О деде — отце матери — он не имел ни малейшего представления. Дед по отцовской линии, бывший горняк, был жив-живёхонек, и, кажется, готовился пережить их с отцом, хотя и потерял слух. А вот деда по материнской линии Влад знал только по пыльной фотокарточке. Там был изображён в профиль мужчина с красивыми ушами, похожими на морские раковины, и носом с горбинкой. Влад думал: «Этот бы точно ни за что не расстался со своим слхом».
Влад искал и находил в портрете знакомые черты лица. Таких ушей матери, к сожалению, не досталось (или к счастью? Она не смогла бы носить их с нужным достоинством — достоинства в ней не было ни капли. Так же, как и в сыне. Но если у ней оставалась голая потерянность и покорность судьбе, точно у выпавшего из гнезда кукушонка, то Влад с самой ранней юности научился запаивать себя в мешок угрюмости, которую со стороны можно было принять за что-то более возвышенное), зато форму носа и тонкие, будто бы резиновые губы не спутаешь ни с чем. В качестве общей черты напрашивался ещё цвет лица, общая бледность — но фотография была чёрно-белая, и Влад не мог представить, какая кожа на самом деле была у деда. Он пытался расспросить про предка у матери, но та только пожимала плечами.

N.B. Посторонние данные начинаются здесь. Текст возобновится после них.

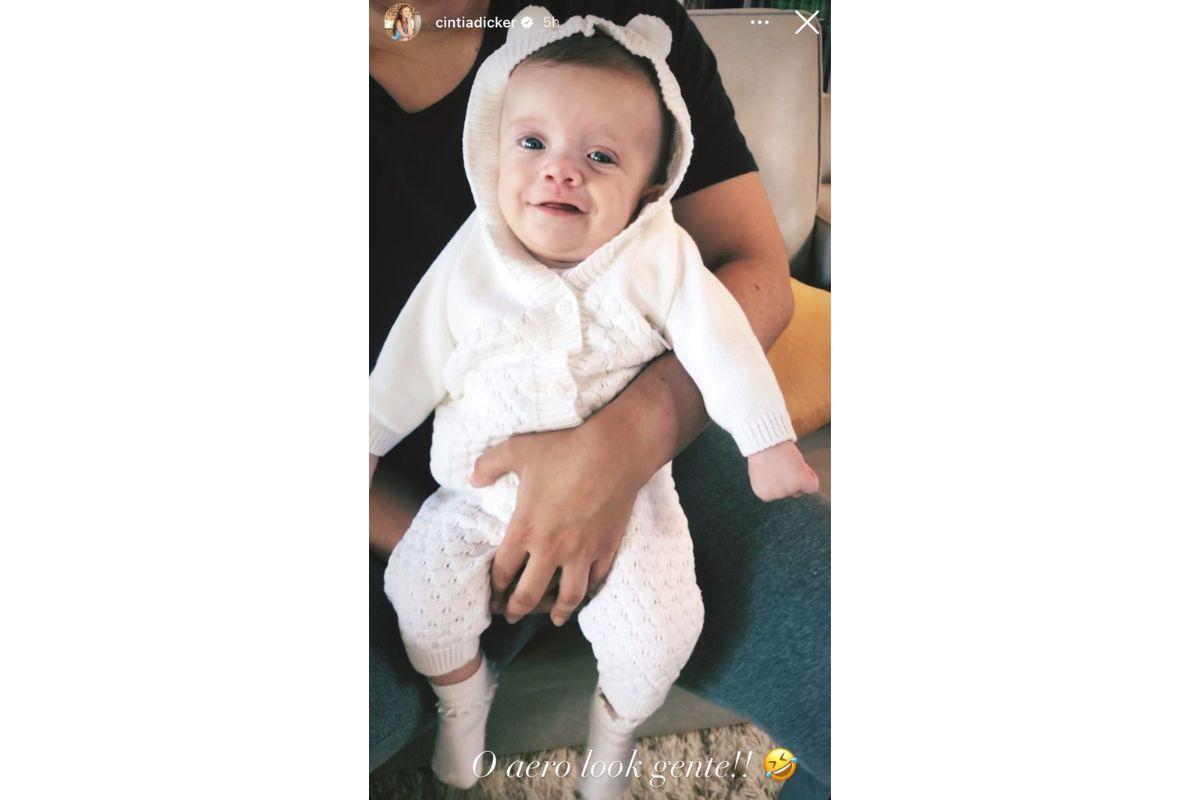Nesta quarta-feira, dia 26 de abril, a modelo Cintia Dicker usou as redes sociais para compartilhar um registro inédito da filha. Aurora está completando 4 meses hoje e a mãe fez questão de compartilhar na rede social o look que a filha usará para celebrar a data especial. A bebê é fruto do atual relacionamento com o surfista Pedro Scooby

— Он был странный. Твой папа бы его, наверное, не очень любил.
Когда мама говорила, рядом всё время что-нибудь раздражающе шумело. То стучит старая, похожая на батарею, мясорубка в её руках, то орала под окном одуревшая от вечерних ароматов птица. У мамы никогда не было своего мнения — может быть причина в этом? Даже мнение сороки или мясорубки с затупившимися лезвиями было весомее. Влад никогда не знал доподлинно, нравилось ли ей что-то, или нет. Не знал даже, любила ли она его. Ну, когда мальчишка подрос, тут понятно — кто будет любить такое чудовище? Но как насчёт времени, когда он был совсем маленьким? С каким чувством в первый раз взяла она его на руки?..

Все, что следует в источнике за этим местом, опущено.